TIPOS & COISAS E CASOS (11)
Cidade pequena, onde todo
mundo sabe tudo, sobre todo mundo. Existem os cochichos, o respeito, e
desconfiança, a maledicência.
Se alguém via o padre sozinho
à noite, já maliciava o que deveria e o que não deveria. Se o Salim da lojinha
apresentava alguma melhoria estética e pessoal, já desconfiavam que ele estava
roubando muito.
Se a mulher do açougueiro
andava sozinha na rua, mesmo para fazer compras, não faltava quem cortasse
sobre a dignidade da coitada.
Mulher que andasse com um
decote liberal, por pouquinho que fosse, já era marcada pelos línguas-pretas da
cidade. Se o comerciante fosse gentil com uma freguesa, já iria surgir quem
pensasse ou quem dissesse algo vergonhoso, inverídico, sofismático ou até
pecaminoso da pobre cliente.
Fóra isso, cidade normal. De
gente boa, ordeira, trabalhadora.
Certo de que os buchichos
circulavam entre poucos e que eram por isso conhecido nesse sentido, entre
poucos também. Como num rebanho: boi preto, com boi preto.
Mas existe algo de bom, que é
a solidariedade. Todo mundo ajuda todo mundo, quando necessidade há. E, quando
um assunto merece sigilo, embora póssa ser esmiuçado pela ferinidade dos
línguas-pretas, ele é mantido em sigilo. Pelo menos para a maioria dos
habitantes.
Existem casos em que as
mulheres são mais observadoras e mais maliciosas do que os homens. Porisso,
algumas dessas mulheres já haviam notado e poucas comentado entre sí.
É que a Lourdinha, filha do
casal Esmeralda e Sebastião, ela costureira e ele mecânico, vinha despertando atenções,
suspeitas e curiosidade por algumas madames da cidade. A Lourdinha andou de
namoricos com um rapaz de um parque de diversões que havia passado uma
temporada na cidade.
As mulheres, olhando de
soslaio, comentam em surdina:
- Cê viu, Maria? A Lourdinha
tá meio esquisita, mais fechada, meio tristonha...

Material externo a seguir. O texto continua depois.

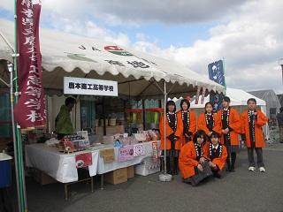 平成31年3月16日(土)に、商業科2年4人、情報管理科2年1人、情報管理科1年2人が『ファーマーズマーケット夢大地館9周年祭』(JAかもとファーマーズマーケット夢大地館:山鹿市鹿央町)で販売実習を行いました。前日の雷雨がイベントに影響しないか心配されましたが、とても良い天気に恵まれ、たくさんの方々が来場されました。
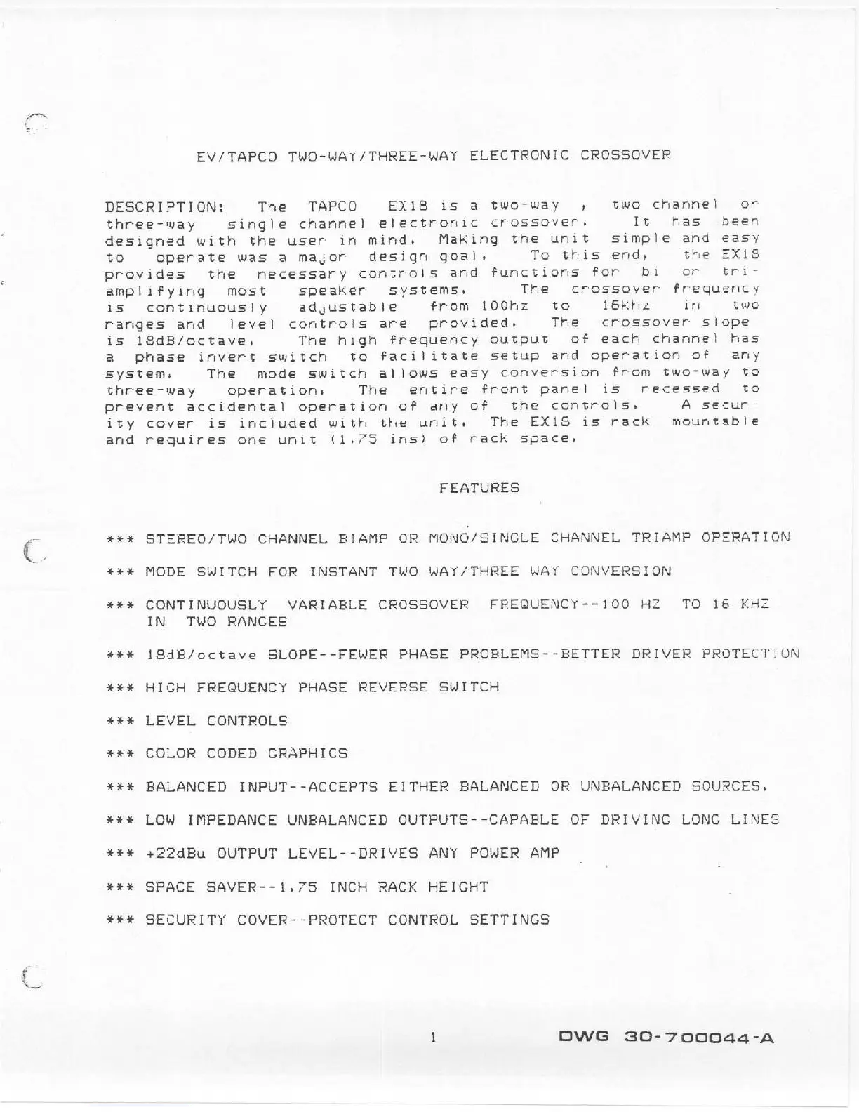 Electro-Voice Electronic Crossover EX-18 - Features
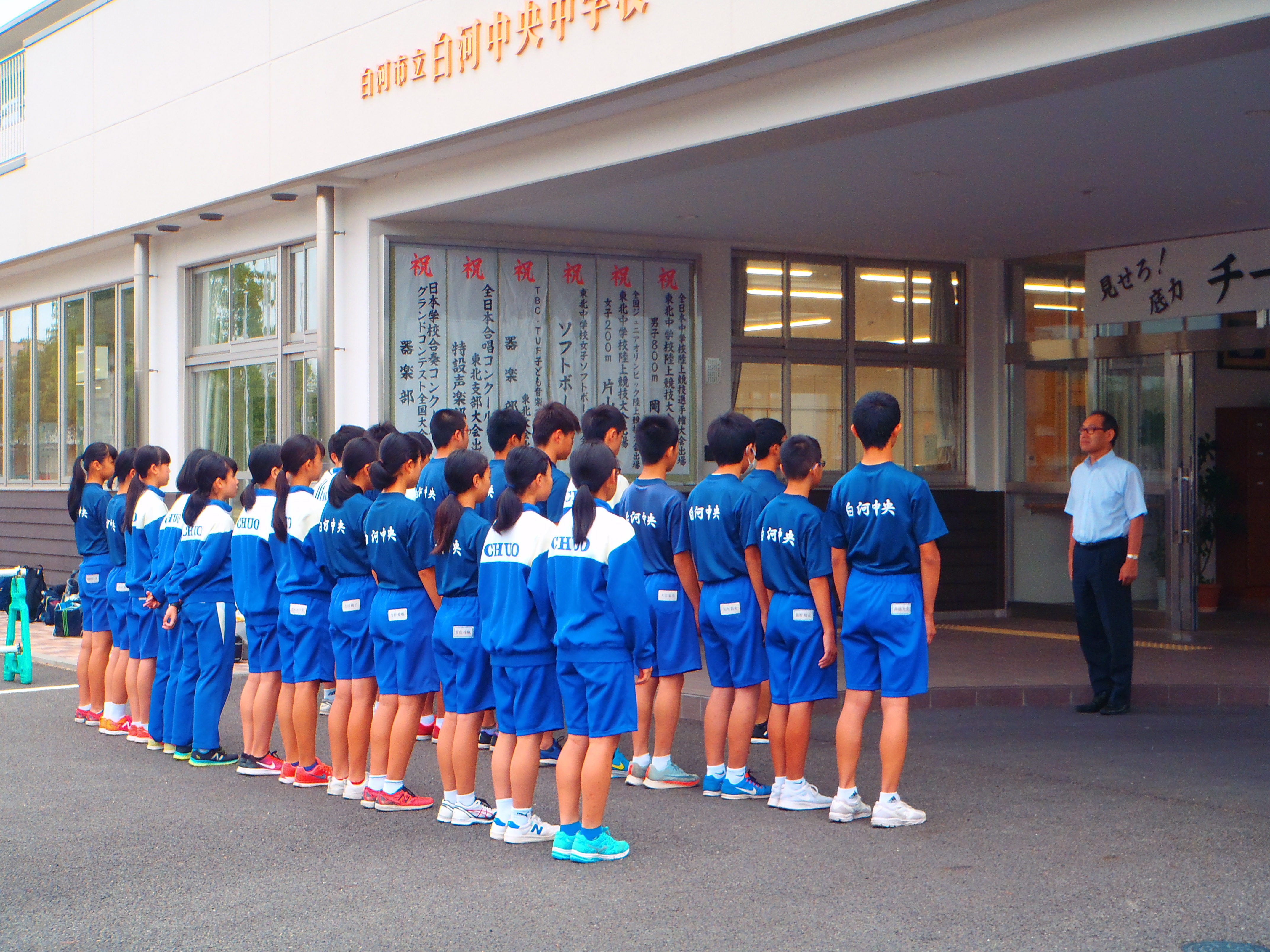 県中体連陸上大会へ向け、チーム中央、陸上部員が出発しました。

- Eu percebi, disse a outra,
continuando: Cê num acha que ela tá com a barriguinha meio inchada?
Ambas bateram levemente nos
lábios e se persignaram.
O caso não ficou público, mas
sabido. Todovia, ninguém fazia comentários, para não criar casos, mesmo porque,
assunto de família é coisa muito melindrosa.
Sebastião e Esmeralda ficaram
sabendo do “rôlo”. Pensaram no efeito negativo do nome da família e pensaram
como encontrar uma fórmula para remediar o mal, que feito estava.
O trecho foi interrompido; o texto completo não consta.